_What you are asked to do_
Each line of the data below between the one containing "4,2 | 1,3 | 1,3 | |" and the one containing "Observed intensity of peptide: 3185376.0", both included, is to be repeated exactly. Please omit pictures.

_Source records_
-------

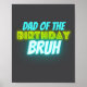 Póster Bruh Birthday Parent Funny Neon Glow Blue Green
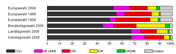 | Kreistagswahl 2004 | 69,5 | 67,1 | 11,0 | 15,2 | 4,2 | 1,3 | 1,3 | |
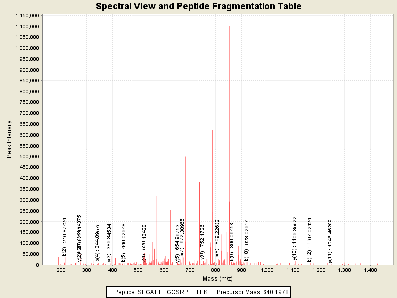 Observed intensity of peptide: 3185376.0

-------

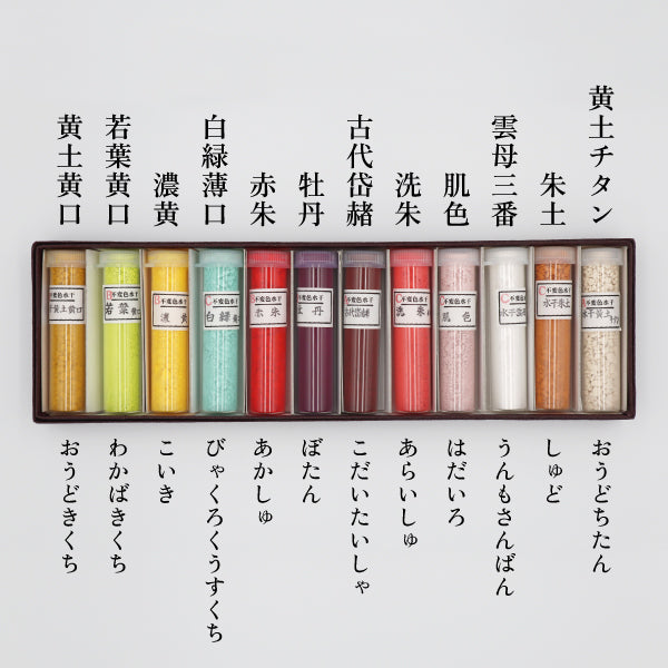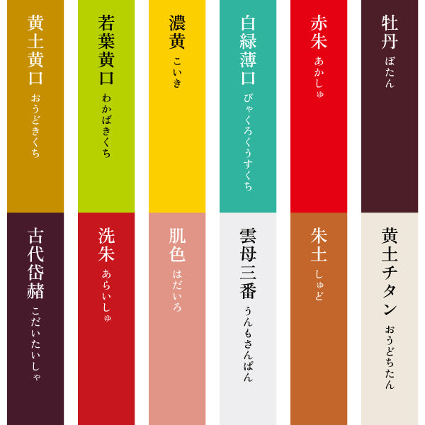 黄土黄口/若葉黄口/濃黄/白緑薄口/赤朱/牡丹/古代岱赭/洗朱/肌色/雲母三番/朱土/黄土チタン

-------

_Reply_
 | Kreistagswahl 2004 | 69,5 | 67,1 | 11,0 | 15,2 | 4,2 | 1,3 | 1,3 | |
 Observed intensity of peptide: 3185376.0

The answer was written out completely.